## Problem
Every line from the one with "核级聚丙烯酸分散剂对CuO和CaCO3分散性能的影响" through the final line of the data below goes in the answer, copied exactly. Pictures do not.

## Dataset extract
╭──
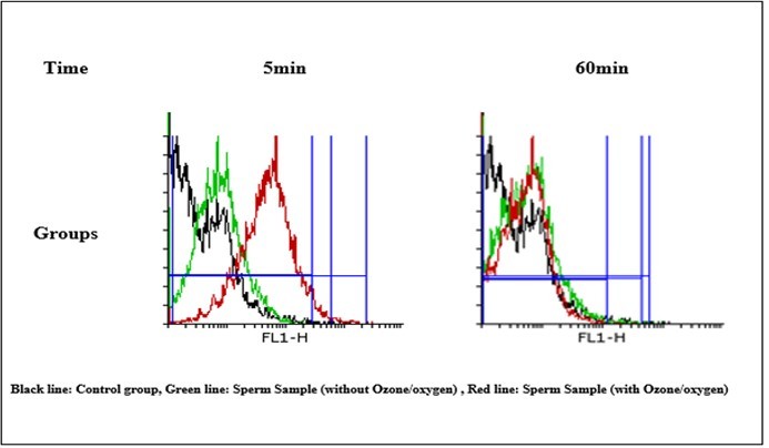 The mitochondrial ROS measurement was performed by flow cytometry using DCFH-DA. Briefly, isolated sperm mitochondria were incubated with, Ozone/ oxygen (5μg/ml) in respiration buffer. In the interval times of 5 and 60 min following the Ozone oxygen addition, a sample was taken and DCFH-DA was added (final concentration, 10 μm) to mitochondria and was then incubated for 10 min. O2/O3 prevented ROS generation in isolated sperm mitochondria were determined through the flow cytometry (BD) equipped with a 488-nm argon ion laser and supplied with the softwaring 1.2.5 and the signals were obtained using a 530-nm band pass filter (FL-1 channel). Each determination is based on the mean fluorescence intensity of 10,000 counts 7
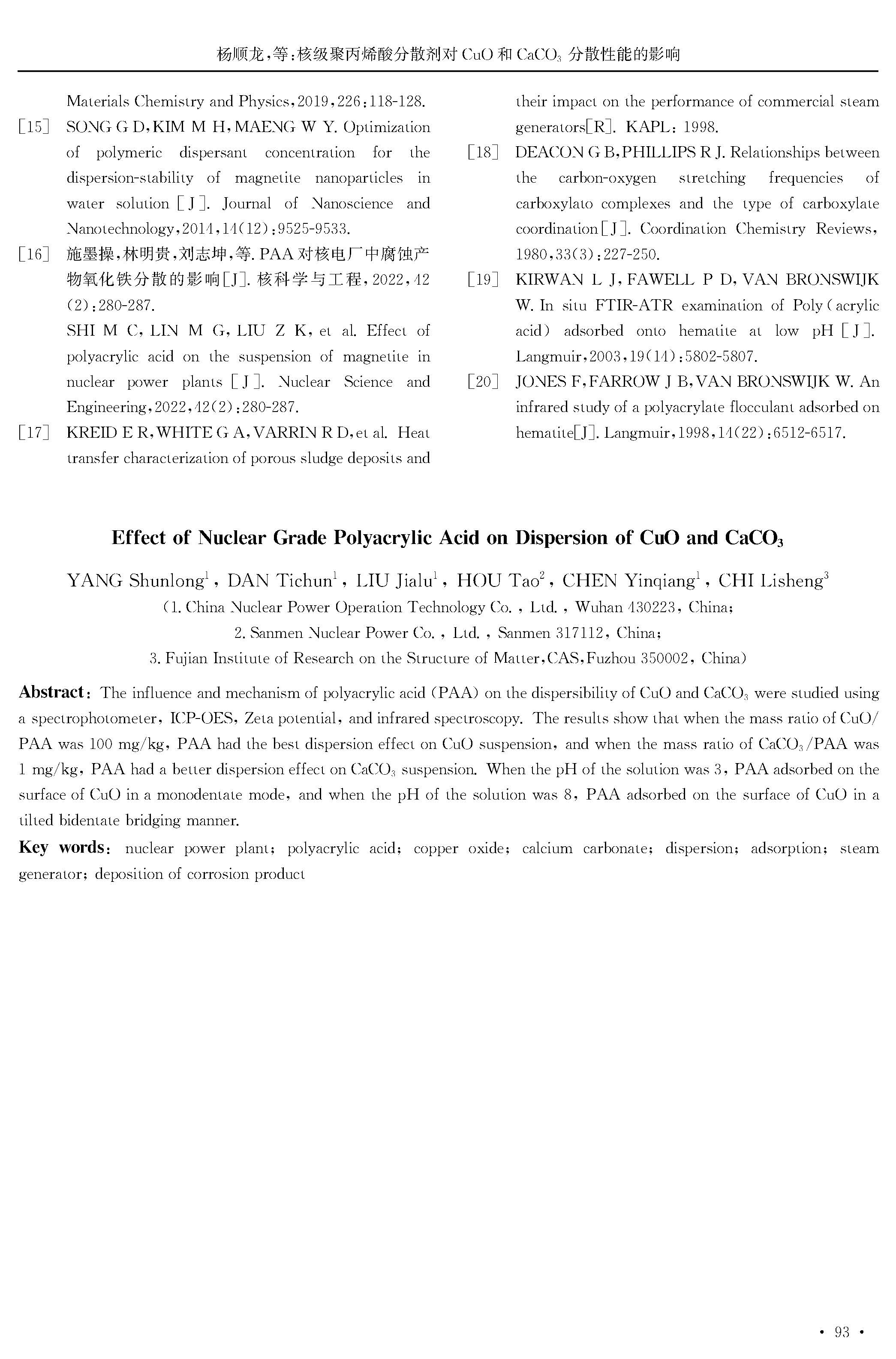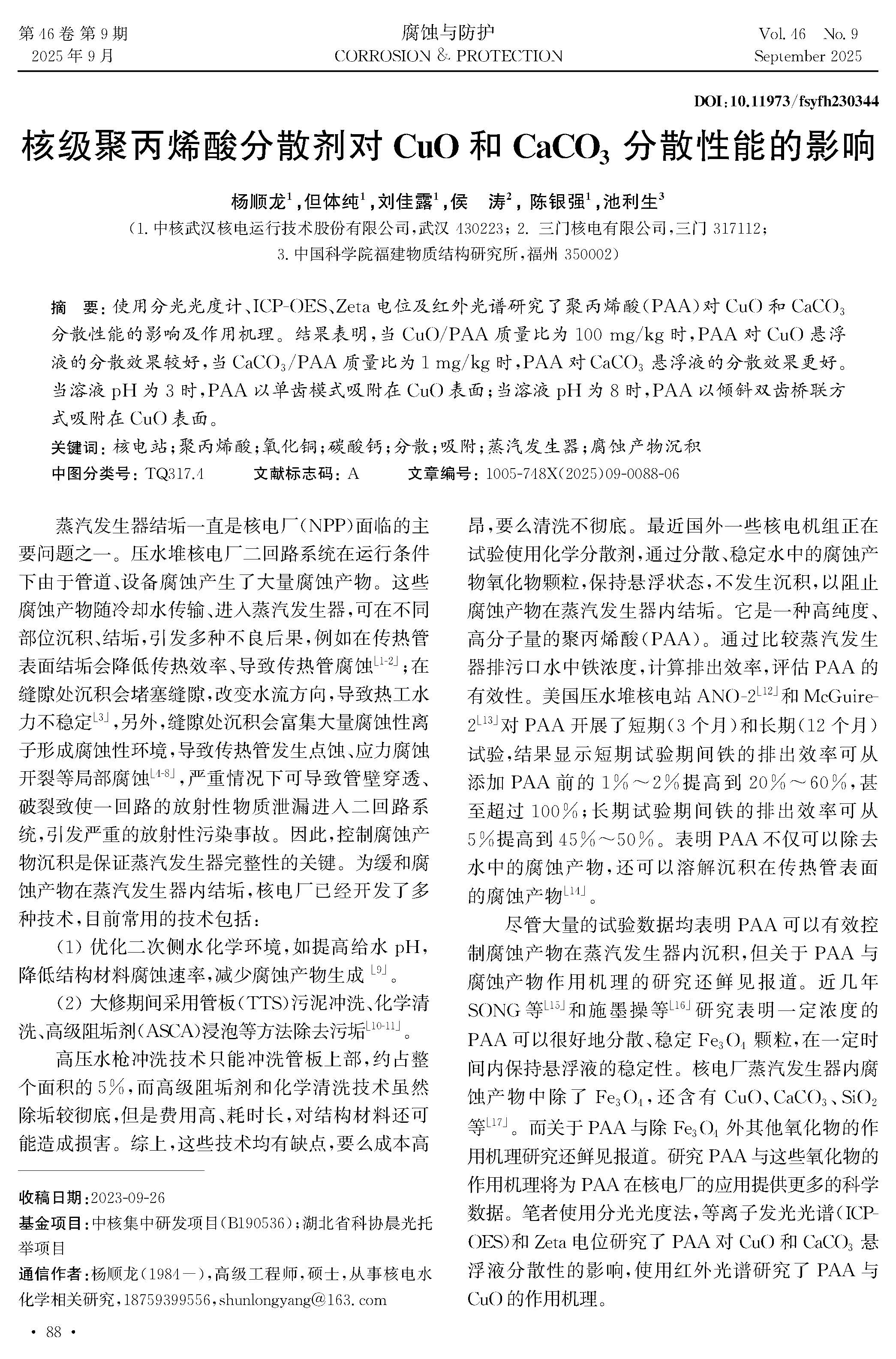 核级聚丙烯酸分散剂对CuO和CaCO3分散性能的影响
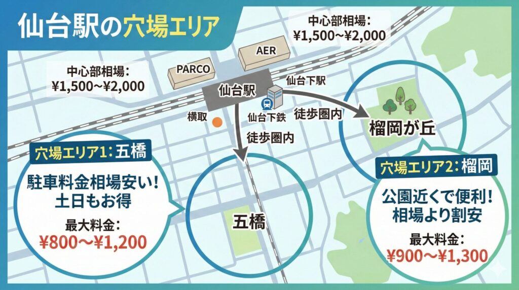 「駅から徒歩10分〜15分歩くのは苦じゃない」という方に、私がこっそり教えている穴場エリアが「五橋(いつつばし)」と「榴岡(つつじがおか)」です。仙台駅は地下鉄やJRが集中しているため駅前は高いですが、一駅分、あるいは数百メートル歩くだけで駐車料金の相場がガラッと変わるんですよ。この「歩く勇気」が節約の鍵になります。
╰──
## Response below
 核级聚丙烯酸分散剂对CuO和CaCO3分散性能的影响
 「駅から徒歩10分〜15分歩くのは苦じゃない」という方に、私がこっそり教えている穴場エリアが「五橋(いつつばし)」と「榴岡(つつじがおか)」です。仙台駅は地下鉄やJRが集中しているため駅前は高いですが、一駅分、あるいは数百メートル歩くだけで駐車料金の相場がガラッと変わるんですよ。この「歩く勇気」が節約の鍵になります。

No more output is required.